Le soutien lutéal avec la progestérone intramusculaire est associé à moins de fausses couches qu’avec la progestérone vaginale, pour les grossesses biochimiques obtenues par fécondation in vitro (FIV) ou injection intracytoplasmique de spermatozoïde (Icsi), montre une étude britannique présentée lundi au congrès conjoint de l’International Federation of Fertility Societies (IFFS) et de l’American Society for Reproductive Medicine (ASRM) à Boston.

S. Nallapeta et V. Sharma du Leeds Centre of Reproductive Medicine (Royaume-Uni) ont randomisé 360 femmes entre la progestérone intramusculaire à 100 mg par jour et la progestérone vaginale à 400 mg/j via un pessaire, pour le soutien lutéal après une FIV/Icsi, jusqu’à 10 semaines de grossesse.

Au total, 144 tests de grossesse positifs ont pu être évalués : 75 dans le groupe progestérone vaginale et 69 dans le groupe progestérone intramusculaire.
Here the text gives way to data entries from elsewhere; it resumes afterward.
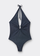 Слитный купальник с глубоким вырезом. Благодаря отсутствию косточек и уплотнителя грудь сохраняет естественный вид. Мягкую ткань с легким блеском и изысканным принтом «питон» тон в тон дополняет элегантный аксессуар по центру груди. Сплошная подкладка с невидимыми швами. Сзади крой в форме слипов.
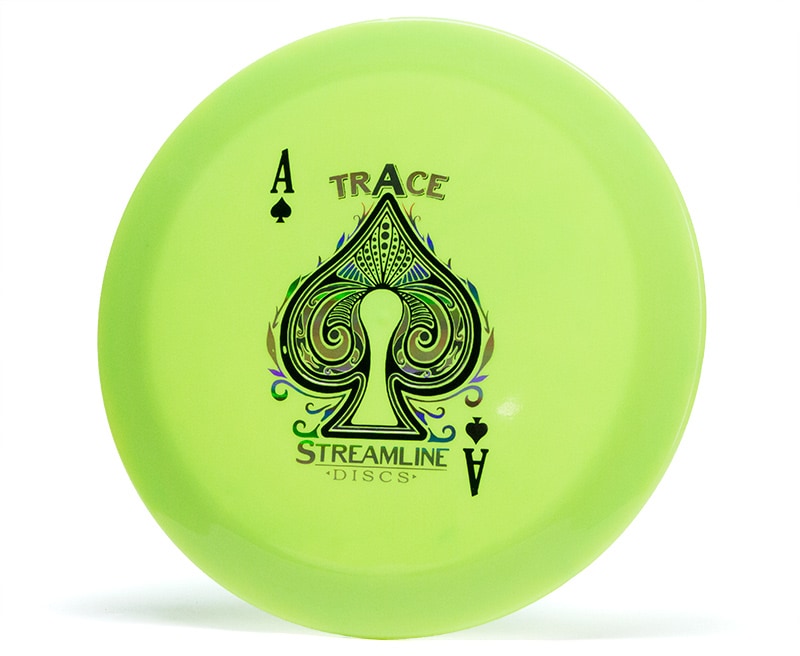 The Trace has a manageable 21mm rim width and straight-stable flight that places it squarely in the Speed 11 Power Straight market. The Trace’s moderate dome is smooth and even, with a shoulder and depth that yields excellent glide. Most players will be able to stand the Trace up on a hyzerflip, but the Trace will soak up plenty of power before being pushed off its straight line. Its ending fade is smooth but dependable for easy ranging.
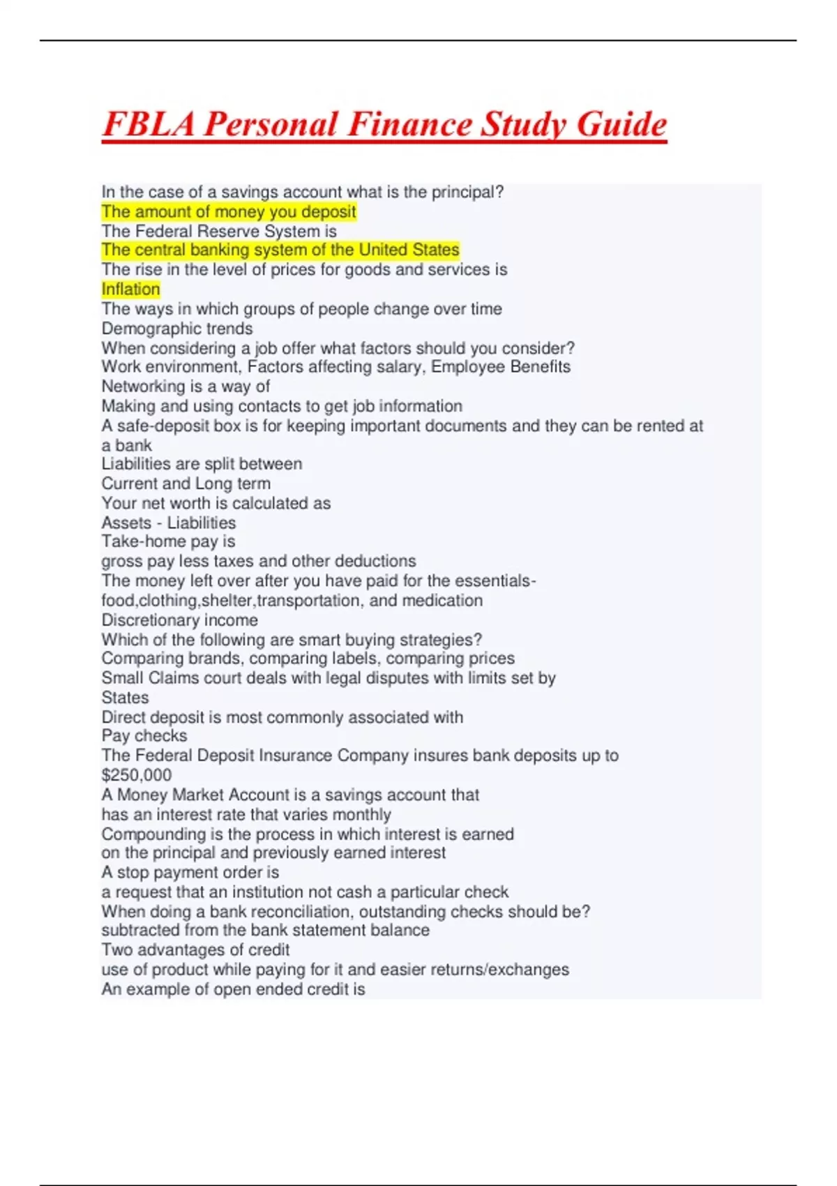 - FBLA Personal Finance
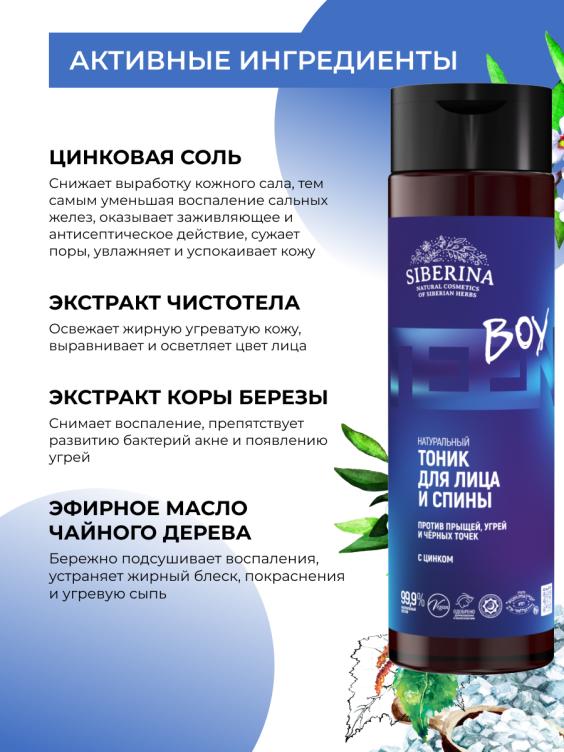 ЦИНКОВАЯ СОЛЬ снижает выработку кожного сала, тем самым уменьшая воспаление сальных желез, оказывает заживляющее и антисептическое действие, сужает поры, увлажняет и успокаивает кожу. ЭКСТРАКТ ЧИСТОТЕЛА известен своими очищающими и бактерицидными свойствами, освежает жирную угреватую кожу, выравнивает и осветляет цвет лица. ЭКСТРАКТ КОРЫ БЕРЕЗЫ обладает мощным противовоспалительным эффектом, препятствует развитию бактерий акне и предотвращает появление угрей. ЭФИРНОЕ МАСЛО ЧАЙНОГО ДЕРЕВА отлично подходит для ухода за проблемной кожей: бережно подсушивает воспаления, устраняет жирный блеск и покраснения, помогает избавиться от угревой сыпи.
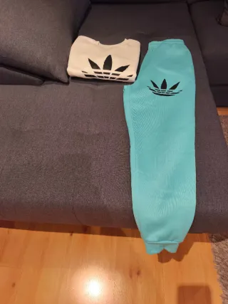 Conjunto de chándal sudadera y pantalón. Nuevo sin usar. - Sudadera blanca. - Pantalón color turquesa.
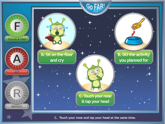 This Practice Games allow your child to practice the steps of FAR (Focus and Plan/Act/Reflect) in quick, easy, game-like stages. It is recommended that you complete the sequence in the order listed in this section, even if only once. Play order for your child should be:
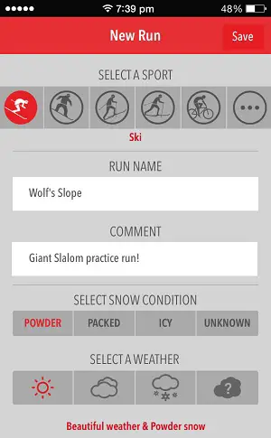 The Autostop function stops the tracking process when you finish or pause your run. Next, you can complete a short form with additional info about your descent. Select if you performed alpine skiing, snowboarding, ski touring, cross-country or anything else. Name your run, provide a suggestive comment and select the run’s slope conditions. Was the snow Powder, Icy, Packed or? Input what weather conditions you faced and also add a picture from your route. All this helps to better track your performance. More, if you share your stats, other skiers will be able to inform themselves about skiing conditions in your area.
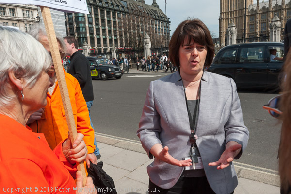 Battersea MP Jane Ellison comes to talk to the protesters about the debate in Parliament and to give her support
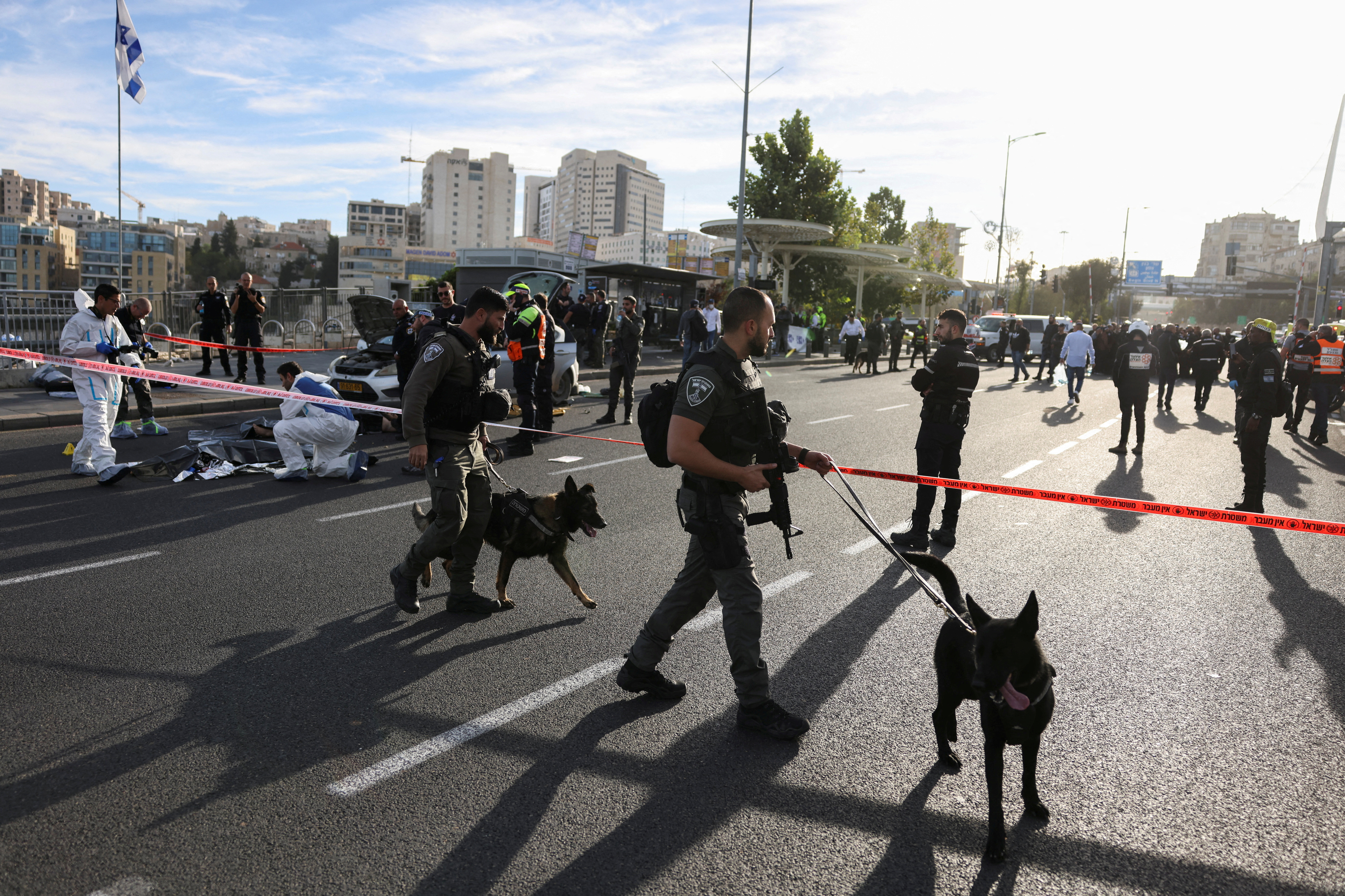 Μεγάλος αριθμός ασθενοφόρων έσπευσε στο σημείο, ενώ η αστυνομία ερευνά την περιοχή της Ιερουσαλήμ για να διασφαλίσει ότι δεν υπάρχουν άλλοι δράστες.
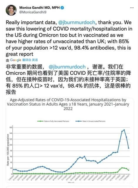 加州大學舊金山分校醫學教授莫妮卡·甘地(Monica Gandhi)博士説,英國的報告引用了一個“非常重要的數據”。甘地進一步指出,在奧密克戎這波疫情期間,美國的新冠死亡率和住院率也出現了顯著下降,但由於美國的疫苗接種率偏低,現在的死亡率仍然為英國的兩倍,德國的四倍。
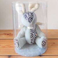 昔話に出てきそうな和風のスタンダードなウサギ。 ほんのりブルーのボディに、こぎん刺しはグレーで。 秋の夜のような、静かな雪降る冬のような静けさをイメージしました。 秋冬にも似合うウサギです。 こぎん模様は「亀甲」。言わずと知れた長寿を表す伝統模様。 ウサギは飛躍の縁起物なので…
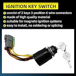- Fitment: The ignition Switch with Key designed specifically for Tracker Boats, and it used for Mercury Marine Outboard Engine Control Box Part Number: The ignition key switch with harness repalce part number is 129572 Features: The ignition key switch consisted of 2 Keys 3 Position 6 Wire Connectors. The iginition switch is suitable for Magneto ignition systems, easy to install, no soldering or splicing Performence: The ignition key switch has excellent performence; It features a three-position design (Off-Ignition-Start) and incorporates a manual push-button choke function to facilitate cold engine starting by enriching the air-fuel mixture Package Include:1X Ignition Key Switch with Key, 1X Wire Connector Adapter

Le taux de fausses couches a été de 21% dans le groupe progestérone vaginale contre 13% dans le groupe progestérone intramusculaire, indiquent les chercheurs dans le résumé de leur communication orale.

"La progestérone intramusculaire diminue le risque de fausse couche et améliore les taux de grossesse évolutive", concluent les auteurs.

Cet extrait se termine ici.